The Ways and Means Committee began its investigation after a Treasury Department audit in May 2013 found that the IRS was inappropriately scrutinizing conservative groups applying for tax-exempt status.
To ensure that social welfare groups were not engaging in political activity that would void their tax-exempt status, the IRS, as early has 2010, had been examining the finances of groups with political phrases such as “tea party” and “progressive” in their name. While it reviewed both conservative and liberal organizations, it scrutinized conservative groups disproportionately. This imbalance resulted in a slew of high-level IRS resignations in May 2013, and a criminal probe by the Federal Bureau of Investigation.
On Friday the House committee received an IRS document indicating that Ms. Lerner, the former director of the IRS Exempt Organizations Unit, lost two years of e-mails dating back to 2009 in a computer crash in 2011.
Four days later, on Tuesday, the IRS revealed that six more of its employees, some high-ranking, also lost much of their e-mail correspondence between 2009 and 2011 due to the crash. Among them was Nikole Flax, chief of staff to former acting IRS Commissioner Steven Miller.
The disclosure sparked Republican anger and skepticism.
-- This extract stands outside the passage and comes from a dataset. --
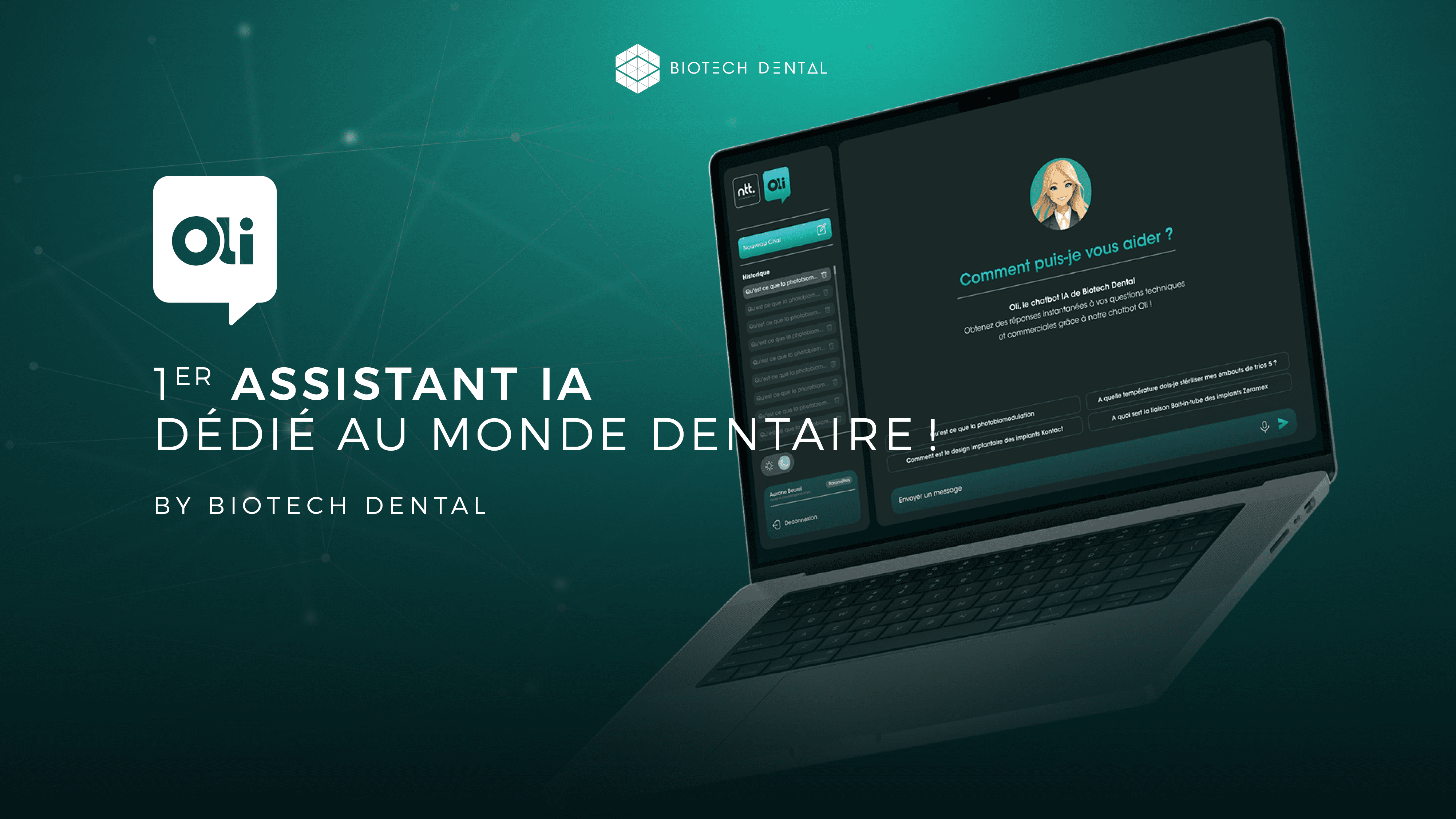 Le 1er octobre 2024, Biotech Dental a annoncé le lancement d’OLI, une intelligence artificielle (IA) générative spécialement conçue pour les professionnels de la santé bucco-dentaire. Ce nouvel outil, nommé OLI (Optimized Learning Intelligence), se distingue par sa capacité à répondre aux questions techniques, scientifiques et commerciales spécifiques aux cabinets dentaires.
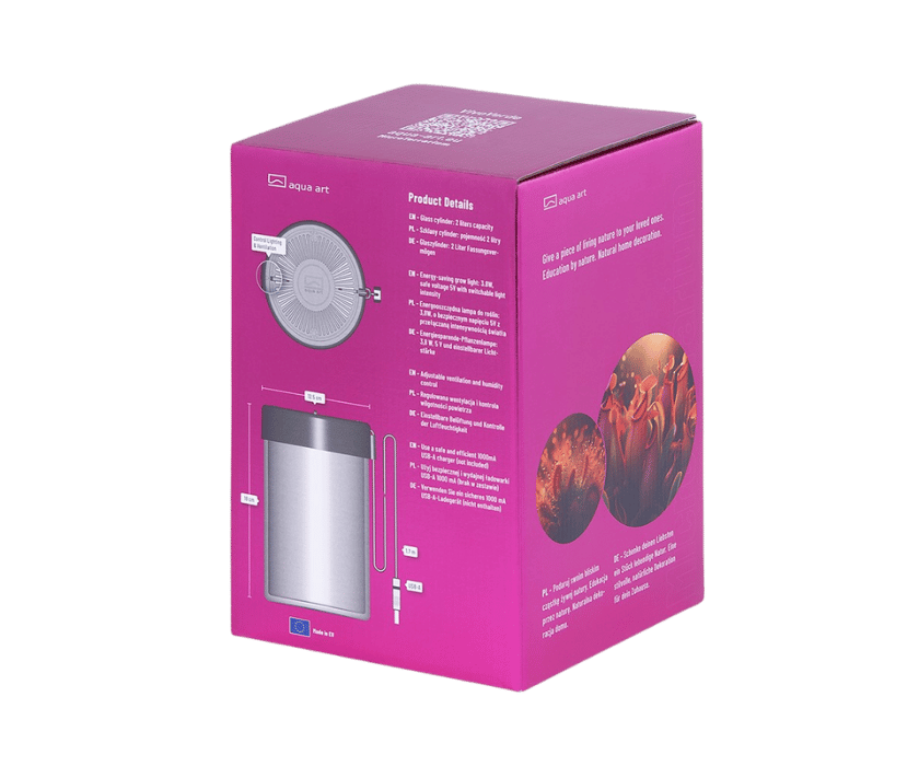 Ein besonderes Highlight ist die verstellbare Belüftungsöffnung, mit der sich die Luftfeuchtigkeit im Inneren einfach regulieren lässt. So lassen sich verschiedenste Mikroklimate nachbilden – vom feuchten Tropenwald bis zur gemäßigten Mooslandschaft. Die integrierte LED-Lampe (3,8 Watt) arbeitet energiesparend, verfügt über umschaltbare Lichtintensitäten und wird über einen USB-A-Anschluss betrieben (Netzteil nicht enthalten).

“The time for which Ms. Flax’s communications are unrecoverable covers when the Washington, D.C. office wrote and directed the Cincinnati Field Office to send abusive questionnaires, including inappropriate demands for donor information, to conservative groups,” House Republicans said in a press release.
The statement notes that Flax visited the White House 15 times during the two-year period in question — though, according to PoliticoPro, most of these visits concerned the new health-care law.
“Who was she visiting at the White House and what were they talking about? Was she updating the White House on the targeting or was she getting orders? These are answers we don’t have yet, because – surprise, surprise – a few computers crashed,” the House Republicans said.
In addition to questioning the timing of the computer crash, some commentators have also doubted the technical plausibility of e-mails disappearing into cyber-space with no chance of recovery.
Writing in the Wall Street Journal Monday, conservative journalist James Taranto compared Lerner to Richard Nixon's longtime secretary Rose Mary Woods, who was once famously photographed re-creating the unlikely pose that she said caused her to accidentally destroy a portion of President Nixon’s controversial and damaging White House tapes.
“IT professionals from outside the administration say the Lois Stretch is quite a stretch, too,” Mr. Taranto wrote, citing the opinions of a number of computer science professionals.
The White House, for its part, stood behind the IRS Monday, saying the agency had made a “good-faith effort” to provide the requested e-mails and describing the conservative criticism as “unreasonable.”
Corroborating the White House’s claims on behalf of the IRS of a “good faith effort” are the 24,000 e-mails from Lerner during the 2009 to 2011 period that the IRS was able to collect from the hard drives of her correspondents. In one e-mail chain, stretching from July 19 to Aug. 16, 2011, Lerner asks a member of the IRS Information Technology Division to help her recover the rest of the lost e-mails.
“My computer skills are pretty basic, so nothing fancy – but there were some documents in the files that were irreplaceable,” writes Lerner. “Whatever you can do to help is much appreciated.
After three weeks, the IT correspondent wrote that the files could not be recovered.
Regardless of the IRS’s intentions, the agency may be guilty of incompetence. According to the IRS’s own guidelines, the organization is supposed to provide for “backup and recovery of records to protect against information loss and corruption." Congressional officials are also trying to determine whether the IRS broke the Federal Records Act, which sets standards for the documentation of government correspondence.